Segment Open
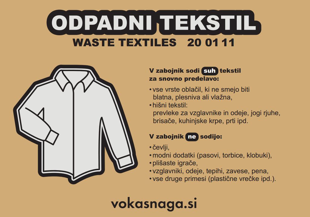 Hvala za vaše sodelovanje ter pomoč pri pravilnem zbiranju in ravnanju z odpadnim tekstilom.
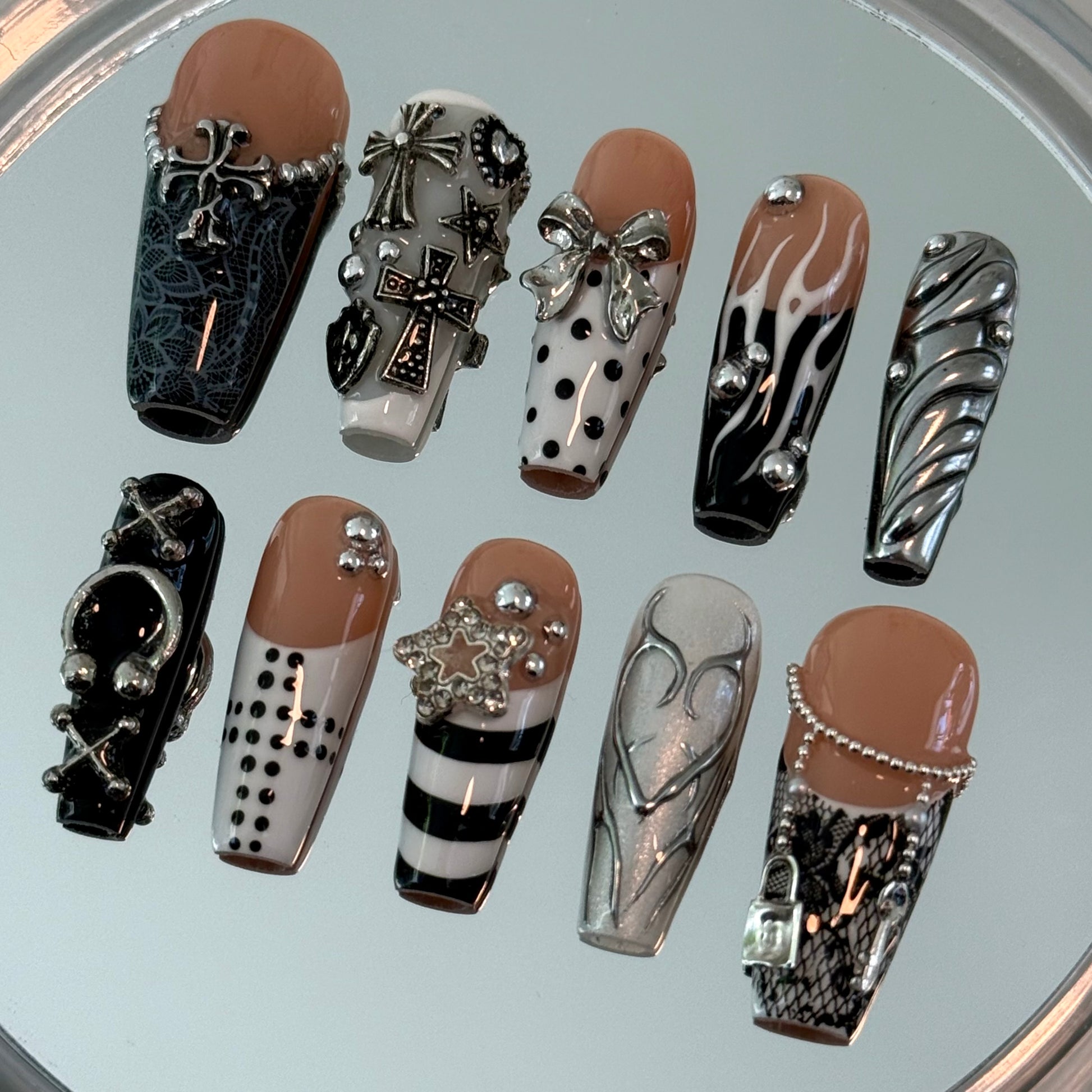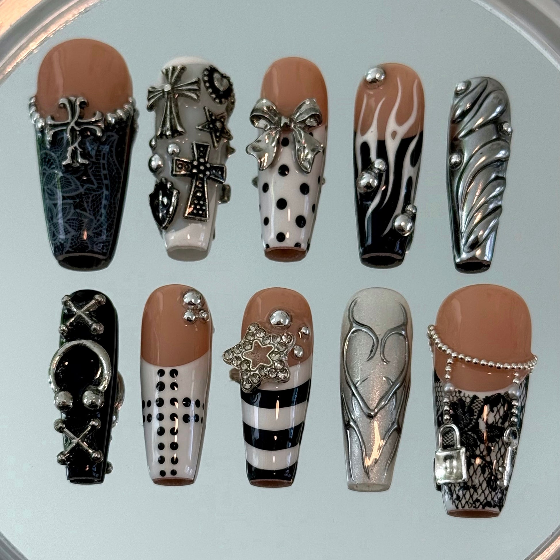 Image is in Nail Length "Long Coffin". Some charms may be slightly different but still keep the same overall aesthetic.
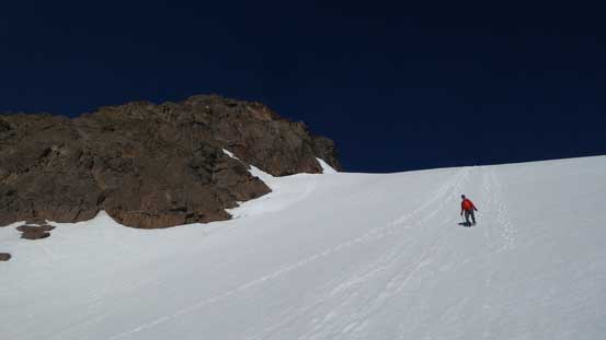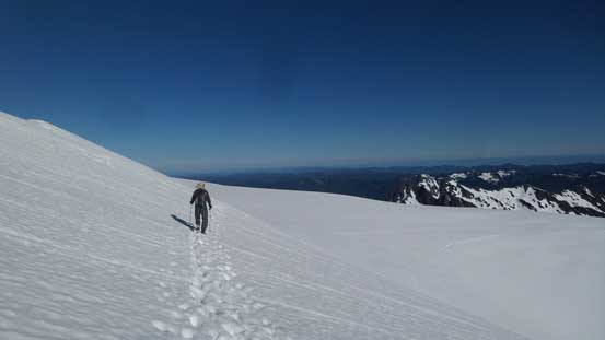Traversing across the upper Blue Glacier was a simple fair of putting one foot in front of another. A couple crevasses were opening up but the previous parties had done a great job route-finding and combining with the firm snow there’s literally nothing to worry about. The routes split ahead but since there’s no track heading up the direct, “4th-of-July” route we’d follow the hordes working around towards Crystal Pass. In no time we were at Crystal Pass and then a steep step later we were on the south side of “Five Fingers Ridge” traversing towards the distant false summit. This stage also had a few big crevasses but the condition was still “early season” meaning the route took a more-or-less direct line. Another mandatory break was spent on the false summit to eat and food and study the last stretch.
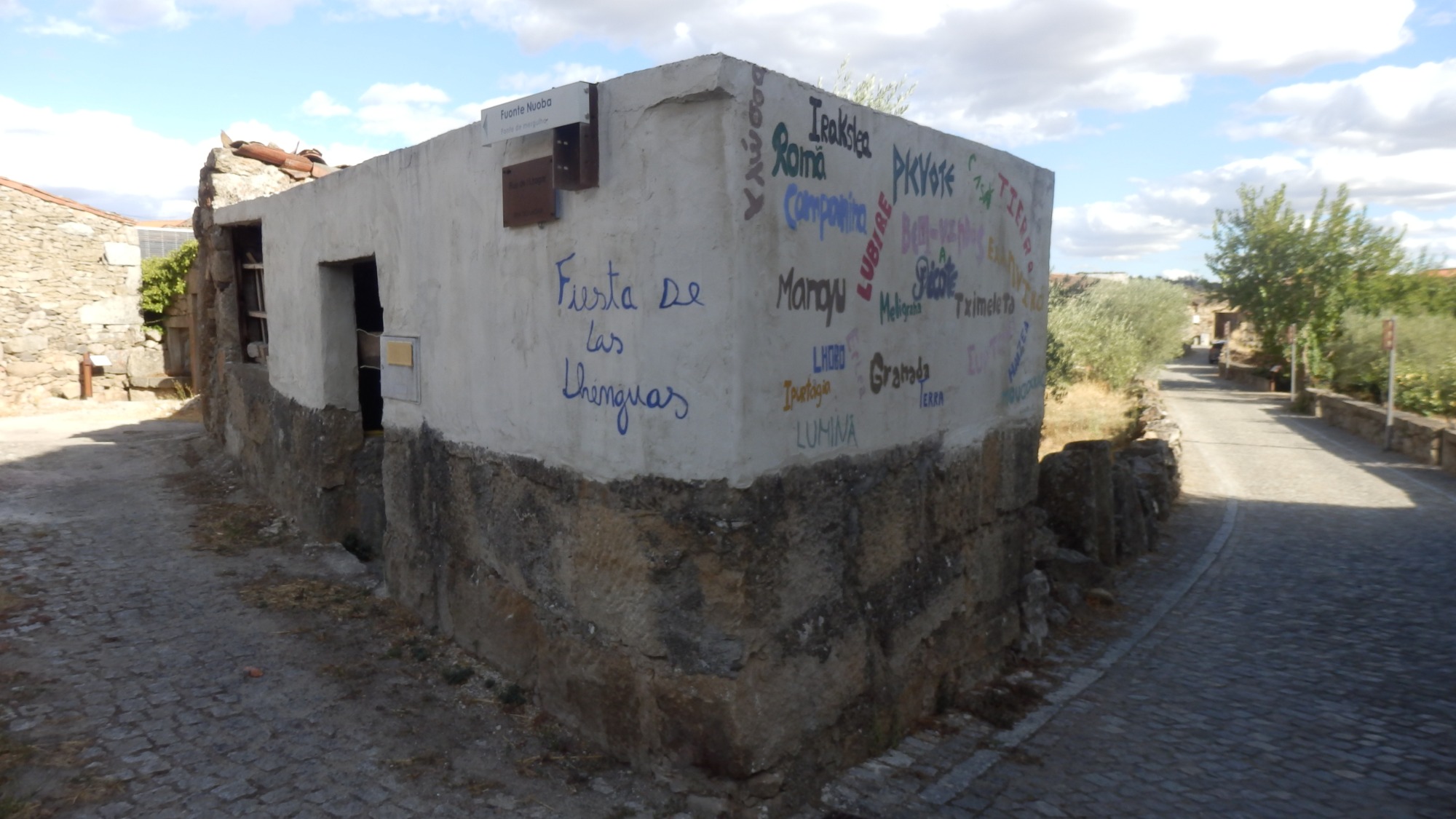 En Picote, parece ser que se celebra la "Fiesta de las Lhenguas" y esta barraca da fe de ello. Encontramos escritas varias en euskera también. Qué ilu!!  ;D
Segment Closed
_Exercise brief_. In the copy, include each line from the start of the material through the line with "Image is in", word for word, but none of the pictures.

_Finished exercise_.
 Hvala za vaše sodelovanje ter pomoč pri pravilnem zbiranju in ravnanju z odpadnim tekstilom.
 Image is in Nail Length "Long Coffin". Some charms may be slightly different but still keep the same overall aesthetic.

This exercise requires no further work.